Dual barriers can also be provided by thermoformed trays, like in this sterile packaging designed for Xenco Medical’s spinal implants.
What aspects of gamma sterilization have made it popular?
JH: Gamma sterilization is particularly well-suited for medical devices that are single-use and packaged after sterilization. Though gamma sterilization is effective, its use depends on the packaging material’s ability to withstand that form of radiation without being damaged. Gamma radiation uses cobalt 60, a radioactive isotope capable of penetrating sealed packages and killing microorganisms. This means gamma radiation can be effective even when a device is in its final package.
How can manufacturers confirm gamma irradiation has been successful?
JH: Gamma radiation indicators placed on packaging can confirm that it has (or has not) been exposed to a sterilizing dose of radiation. After sterilization, audits on each product families ensure radiation levels are under control and sterilization efforts are effective.
Must certain devices be cleaned before sterilization?
JH: A manufacturer may use an ultrasonic bath to clean its medical devices before packaging them. Ultrasonic cleaning reduces the amount of biological material on the device (bioburden). After the cleaned devices are in their packaging, they can be exposed to gamma sterilization, which penetrates through all primary and secondary packaging layers to complete the cleaning and sterilization process.
What is taken into consideration in terms of packaging materials?
JH: When assessing which materials are best for packaging, manufacturers consider their intended function as well as their sterilization characteristics.
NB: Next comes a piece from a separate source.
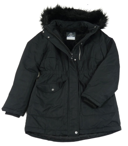 Čierna šušťáková zimná parka s kapucňou s kožešinou George

Rigid thermoformed trays are especially popular among surgical device manufacturers. The materials that make up these trays range from PETG to polycarbonate to HIPS, among others. Packages made from PETG, for instance, are ideal for gamma sterilization. This lets manufacturers streamline development by using a seamless sterilization technology that permeates through the packaging. In contrast to other methods such as steam sterilization or ethylene oxide sterilization, gamma sterilization can sterilize devices in their final packaging, eliminating the need for an additional post-sterilization packaging step after sterilization. Thermoplastic polyurethane films, on the other hand, are used commonly as pouches to hold implants. These pouches are effective as sterile barriers, even though they differ from thermoformed trays. These two types of packaging demonstrate that manufacturers have several different ways to meet FDA expectations for sterile barriers.
How do manufacturers deal with reusable devices after it leaves its original packaging?
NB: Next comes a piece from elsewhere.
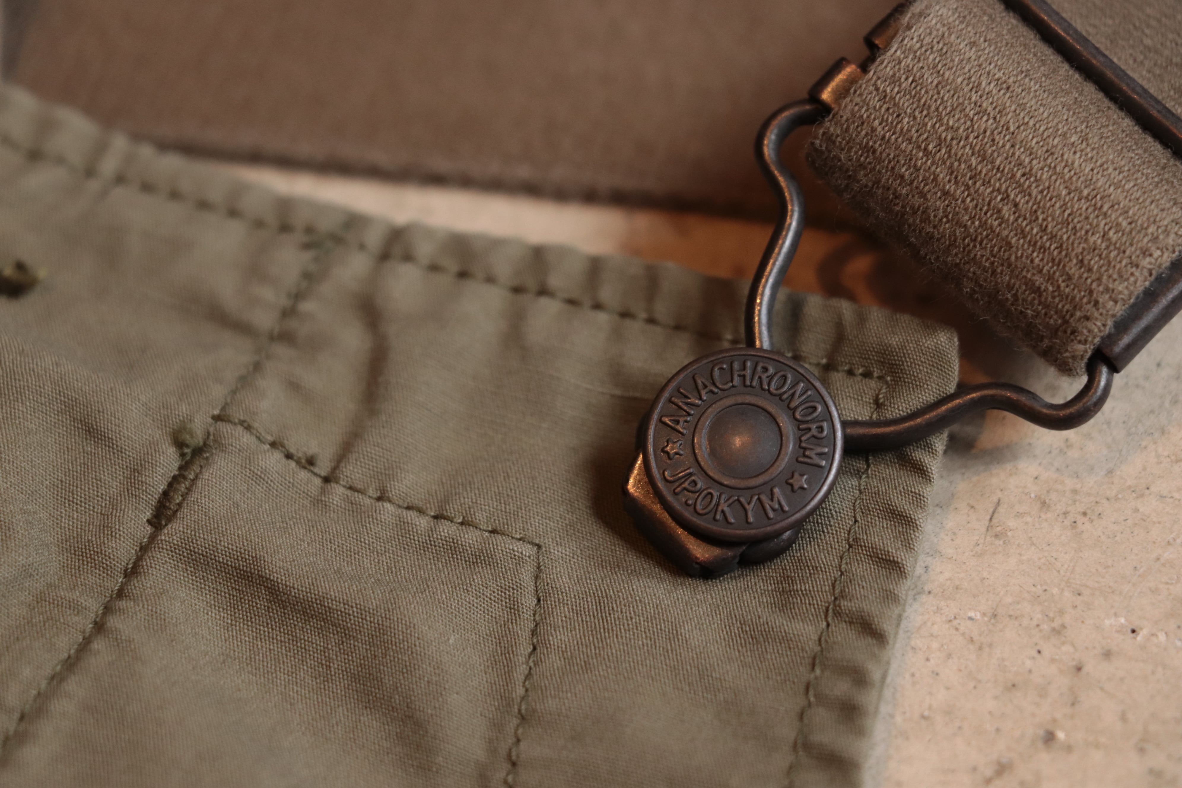 元々、軍ものにあるオーバーパンツをベースに制作されており、裾は絞れるようにボタンが付きます。

JH: The FDA has different expectations for reusable devices designed to be separated from their initial packaging throughout their lifespan (after delivery, of course). As a result, the FDA created guidelines to ensure they are still traceable even though they do not have identifying packaging. In these cases, the FDA expects that devices will have a direct marking traceable to the GUDID. The marking must withstand hospital processing, and cleaning, as well as regular use. The marking may be etched, laser marked, have a permanent plaque, or one of the other methods accepted by the FDA.
How are these markings tracked?
JH: Manufacturers are expected to submit direct markings to the GUDID. If the device will only be reused on the same patient, it does not need to be marked. And if direct marking could degrade the device’s effectiveness or safety, the FDA lets it forgo marking.